La diabolisation a toujours été contre-productive. Elle a fait du FN le diable de la vie politique française : de fait, tout électeur voulant sanctionner les partis républicains est incité à voter FN. L’analyse de Pierre Péan et de Philippe Cohen dans leur livre "Le Pen, une histoire française" est à cet égard très éclairante.
Maintenir la diabolisation, c’est-à-dire le refus de tout débat, c’est donc renouveler ce monopole du FN sur le vote de rejet.
À une époque, cette diabolisation était justifiée moralement. Parce qu’en 1987, il a qualifié les chambres à gaz de "détail", refuser tout débat avec le FN était inévitable tant que Jean-Marie Le Pen le dirigeait et l’incarnait. Mais depuis qu’elle lui a succédé, Marine Le Pen refuse le révisionnisme avec intransigeance : elle mérite d’ailleurs d’être saluée sur ce point.
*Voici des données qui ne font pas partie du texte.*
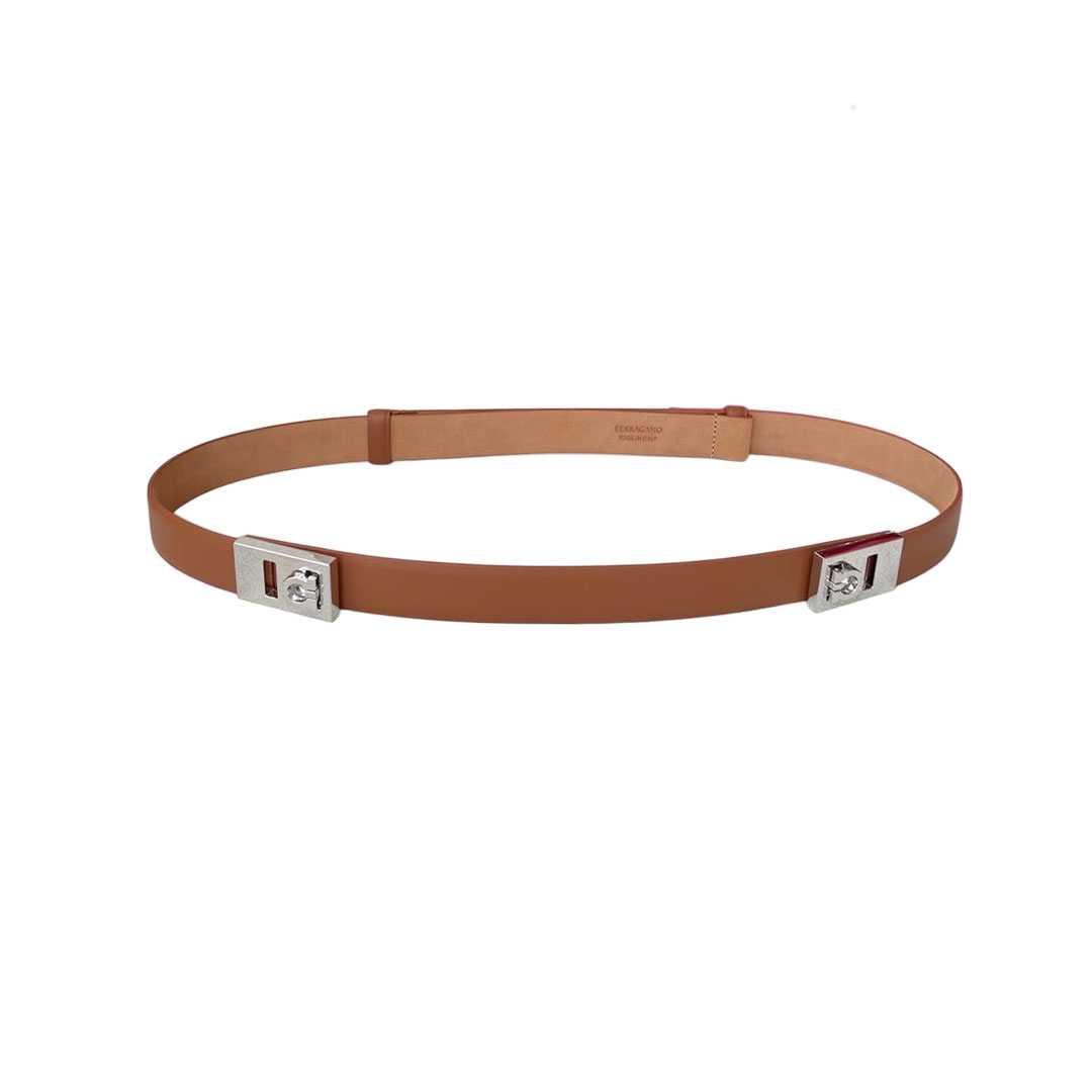 Ferragamo Women’s Extendable Hug Belt In Brown/Black Calfskin With Gold/Silver Hardware 25mm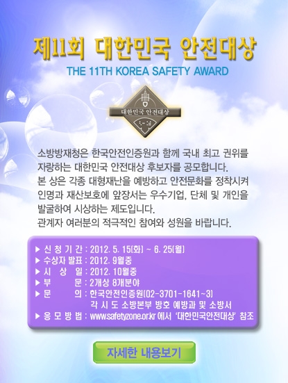 제11회 "대한민국안전대상" 시행요강을 첨부와 같이 안내하오니 참고하시기 바랍니다.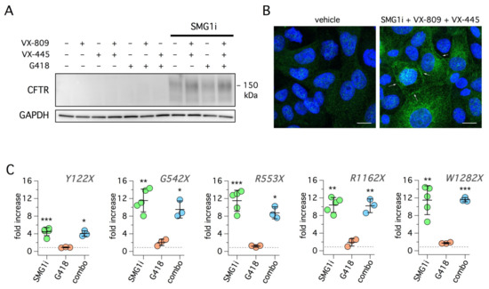Molecular analysis of SMG1i effects. (A) Representative Western blot experiment performed on 16HBE14o- cells expressing W1282X-CFTR. Cells were treated for 24 h with the different combinations of indicated compounds. Treatment with SMG1i (1 µM) was required to evoke the appearance of CFTR protein. The apparent molecular size of the rescued protein is smaller than wild-type CFTR, in agreement with the presence of the truncating mutation. (B) Representative confocal microscopy images obtained from 16HBE14o- cells expressing W1282X-CFTR mutation under control condition or after treatment with SMG1i (1 µM) + VX-809 (1 µM) + VX-445 (5 µM). CFTR expression and localization was detected by staining with a specific antibody (green signal). Treatment causes the appearance of CFTR signal in the cytosol and at the plasma membrane (arrows). Nuclei (DAPI staining) are shown in blue. Scale bar: 10 µm. (C) Results of real-time RT-PCR experiments to evaluate CFTR mRNA levels in 16HBE14o- cells with the indicated mutations. Before RNA extraction, cells were treated for 24 h with G418 (0.5 mg/mL), SMG1i (1 µM), or with the combination of the two compounds (combo). The scatter dot plots show CFTR transcript fold-change relative to control condition for every mutation. All values were normalized to B2M. The p value was determined using one-sample t-test. *, p < 0.05; **, p < 0.01; ***, p < 0.001 vs. control (dashed line).

Il est donc grand temps d’arrêter toute diabolisation du FN. Il faut accepter totalement le débat sur le fond, pour porter la contradiction à l’extrême droite idée par idée, thèse par thèse. Il faut donc respecter les électeurs du FN. Au lieu de les insulter, au lieu de les considérer comme des abrutis, il faut respecter leur intelligence. Leur présenter honnêtement des arguments pour les convaincre que les idées du FN, au pouvoir, cela enverrait le pays dans le mur. Bien sûr, ils ne seront pas tous convaincus. Mais si ainsi leur intelligence est respectée, je suis profondément convaincu qu’au moins, ils écouteront.
Cela suppose évidemment de présenter de véritables arguments, clairs, sérieux, qui déconstruisent brique par brique les thèses du FN. À cet égard, lors de son débat sur « Des paroles et des actes » face à Marine Le Pen, la performance piteuse de Manuel Valls a été l’exact exemple de ce qu’il ne faut pas faire. Incapable de riposter aux mensonges et aux amalgames accumulés par la présidente du FN, il n’a su qu’exprimer mécaniquement l’habituel chapelet "FN-raciste-antisémite-xénophobe". Expliquer que 45% des immigrés de France viennent d’Europe, que la France est juste avant l'avant-dernier pays d'Europe niveau immigration, et que les prisonniers d’origine maghrébine représentent un pourcentage ridiculement faible de notre population maghrébine totale, c’eût été un bon début.

Si l'échec de François Hollande se confirme, la présence de Marine Le Pen au second tour de la présidentielle de 2017 est-elle inéluctable ?

Pour l’instant, c’est surtout de la crise de l’UMP que vient le risque de qualification de Marine Le Pen en 2017. Ni François Fillon ni Jean-François Copé n’ont la capacité de rassemblement de Nicolas Sarkozy.